Britain to Embrace Faith-Based Social Programs?

Plus: Researchers convince people they’ve been possessed by demons, market research for the Methodist Church, and can science make room for faith?

Christianity Today October 1, 2000

Marvin Olasky, advisor to the political stars William Hague, leader of Britain’s Conservative Party, has taken a leaf from George W. Bush’s playbook and is beginning to endorse faith-based social programs. Hague, who doesn’t attend church regularly and has previously refrained from discussing his religious beliefs, is now saying he is a “committed Christian” who finds spiritual fulfillment while walking the Yorkshire Moors instead of sitting in a pew each Sunday. In an effort to woo religious voters at the evangelical festival Spring Harvest, Hague also said he believes religion should play a larger role in education. Hague said he has been taking advice on faith-based social welfare from Marvin Olasky, editor of World magazine, but he told The Guardian: “I am not talking about replicating exactly things that have happened in America but I think the general lesson that sometimes things can be done better by religions, by voluntary organizations, by charities than they have ever been done by the state or local authorities … I think that is a very powerful lesson.”

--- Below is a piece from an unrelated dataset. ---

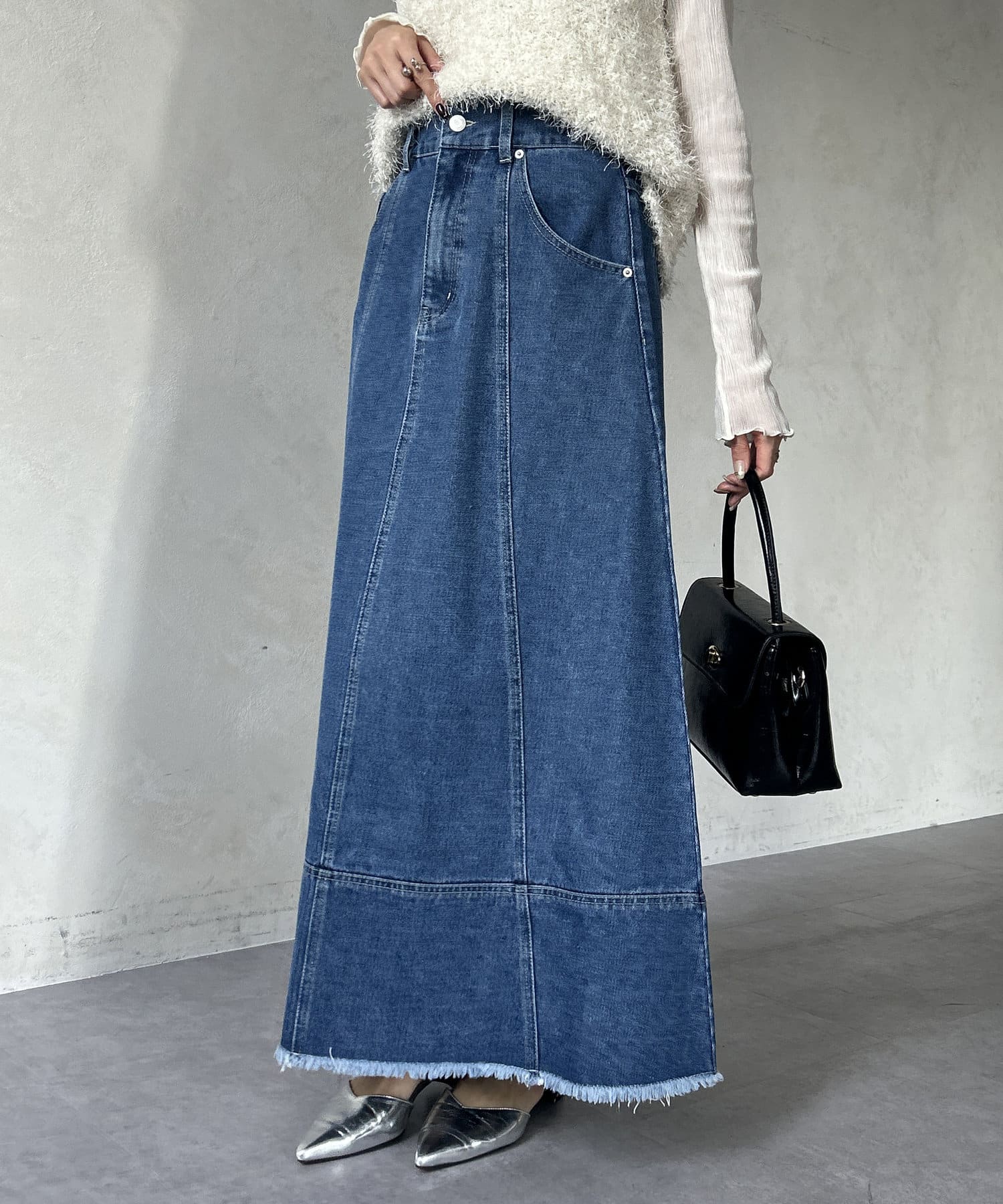 フレアラインが上品に広がるデニムスカート

Exorcism is in the air On Wednesday Weblog linked to an article in The Los Angeles Times about the increasing number of exorcism ministries and request for exorcisms in the past few years. Now psychologists at the University of Washington in Seattle say they’ve been expecting this trend. Elizabeth Loftus, an expert in memory research said that after the release of The Exorcist in 1973, “We saw thousands of people out there thinking they were possessed and asking for exorcism.” Loftus saw no reason why that phenomenon wouldn’t be repeated again with the current re-release of the movie, and the popularity of a similar Showtime feature Possessed. University researchers decided to take advantage of this environment to test the plasticity of memory: they decided to see if they could convince people they had witnessed demonic possession as children. After putting their subjects through a suggestive activities and tests, the researchers found that about 18 percent, or one in five of the people they talked to, changed their minds about the plausibility of demonic possession and were convinced they had actually witnessed it as children. “It’s relatively easy to make people believe they had an experience when they were children that they didn’t have,” Loftus said. Of course, just because some people can be artificially convinced they have experienced demon possession, that doesn’t mean that Satan isn’t real, or many people have not been genuinely possessed by his minions. Christians still have the tricky job of determining whether each reported case of possession is genuine or not.

Ahh, you big softies Methodists leave a “soft” impression according to a study by the Barna Research Group. The United Methodist Church hired Barna to research what the general public thinks and knows about Methodists. The resounding answer? Most people say they have no idea. “This is the reason we need a campaign at all levels of the Methodist Church,” said Steve Horswill-Johnson, the UMC executive in charge of Methodism’s new media campaign. “Folk drive by our churches all the time and do not know what it is.” The United Methodist Church plans to spend $20 million in an effort to raise awareness of their denomination. Why not? In these days of billboards that advertise God it is increasingly important that churches have strong name brand recognition, right?

Will the debate never end? Some scientists say there is no room for cosmology in science. Others say science is really the fulfillment of cosmology, a way for people to gather more information about the created order of the universe and its Creator. These two stories about the evolution debate in Kansas and the Templeton Prize each dig into varying perspectives from scientists and lay people. Peruse both for an interesting melange of opinion that runs the gamut from a Christian who believes in evolution to a Christian who proclaims that all scientists will go to hell for having the audacity to try to figure out how God wired the universe. Both articles are filled with a sense that compromise isn’t possible: many of the people quoted seem to see science and religion as separate camps of war that can never meet without leaving a field of fallen theories, creeds, and ideals in their wake.